Why do you need people to sell and champion a club as big as Leeds United?

For me, I think it’s a good thing to have former players around the ground on matchdays and working to represent the club.

In my opinion, the lads who spend time in the corporate and hospitality suites do a very good job.

You’ve got Paul Reaney, Norman Hunter, Mick Jones and plenty of others – guys who played for Leeds in (what most people would agree is) the best era the club ever had.

It’s important not to lose touch with those days.

And I think it adds value to the hospitality boxes to have high-profile, recognised faces mixing with the fans who pay an awful lot of money to use them.

It improves the experience.

That said, I won’t pretend that the club don’t need to make cuts.

It’s no secret that the losses at Elland Road are pretty big – far bigger than they should be for a Championship side – and there’s only one way to rein them in.

My hope is that whatever cuts are coming don’t affect the day-to-day workers at Elland Road – the guys in the commercial department and such like.

I’ve seen them operate for a good few years now and they do a bloody good job.

It’s not easy bringing in extra money to a football club, especially with the economy the way it is, but they all understand that revenue can’t just come from 23 home matches.

You’ve got to have cash flowing in from other sources.

As I see it, the big expense at Elland Road is the players’ wage bill.

It’s climbed higher and higher in the past 18 months and the league table tells you that the club aren’t getting value for money from it.

I touched on this in my column last week when I spoke about the excessive size of the squad and the number of players in it who earn good money while hardly kicking a ball.

I don’t blame them for that because contracts are contracts.

But the crucial thing for a club losing money is that they don’t waste funds on nothing.

People either like Ken Bates or they don’t but I still maintain that he made the club stable.

Many fans would probably say that things moved forward too slowly under him but compared to him, the time with GFH in charge was a total disaster.

The trouble with the bank was that it bought Leeds to sell Leeds.

It didn’t buy the club to make a success of things on the pitch or to really take it forward.

That, I hope, is the difference with Cellino.
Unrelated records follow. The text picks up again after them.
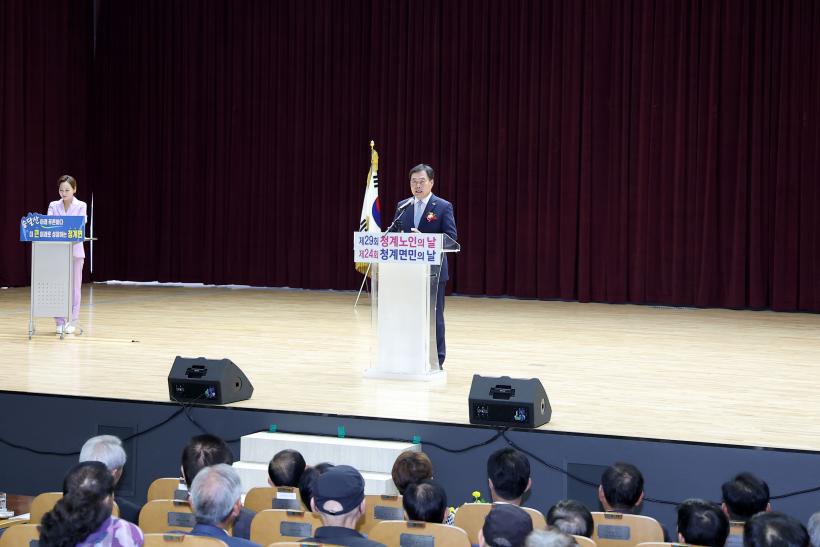 Á¤È«ÁØ Ã»°è¸é ³ëÀÎȸÀåÀº ±â³ä»ç¿¡¼ ¡°¾ÕÀ¸·Î ¿ì¸® ³ë³â ¼¼´ë°¡ Èļտ¡°Ô º»º¸±â°¡ µÇ´Â »îÀ» »ì¾Æ³ª°¡ÀÚ¡±°í ¹àÇûÀ¸¸ç, ±è»óö û°è¸é ¹ø¿µÈ¸ÀåÀº ȯ¿µ»ç¸¦ ÅëÇØ ¡°Ã»°èÀÇ ÅÍÀüÀ» °¡²Ù°í ÁöÄÑ¿À½Å ¾î¸£½ÅµéÀÇ Çå½Å¿¡ Á¸°æÀ» µå¸®¸ç ±× Á¤½ÅÀ» À̾î¹Þ¾î ¹Ì·¡¼¼´ë¿Í ÇÔ²² »õ·Î¿î û°è¸¦ ¸¸µé¾î°¡°Ú´Ù¡±¸ç È´äÇß´Ù.
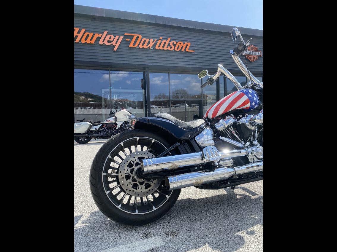 HARLEY-DAVIDSON TOULON VOUS PROPOSE CE MAGNIFIQUE SOFTAIL BREALOUT CAPITAINE AMERICA DU 16/09/2023 AVEC UNIQUEMENT 2 065 KMS, TRES BELLE CUSTOMISATION AVEC
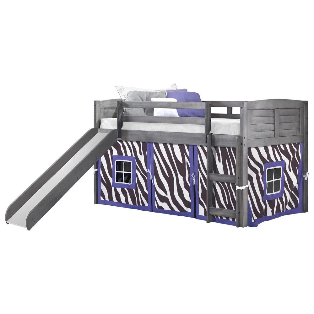 Donco PD-790AAG-Z-785AG Twin Size Louver Low Loft with Slide & Zebra Tent in Antique Grey
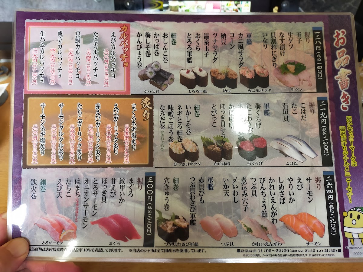Welcome to **Tokubei Inazawa**, an upscale conveyor sushi experience nestled in Inazawa, Japan. Offering a delightful array of fresh sushi, this restaurant stands out for its quality and ambiance. With its inviting decor, it's an ideal setting for both solo diners and families looking to indulge in a delicious meal.

I do think football matters to him and I believe that he wants Leeds to be a real success.

He has my support and he really deserves everyone’s while he tries to get things in order.

He’s going to make changes without a doubt and if I’m one of them then that’s his prerogative and his decision. If you pay big money for a club – which he has – then you earn the right to do as you please.

This is about what’s good for Leeds United at the end of the day, not what’s good for me or any other individual.

But for now I’ll carry on with my work.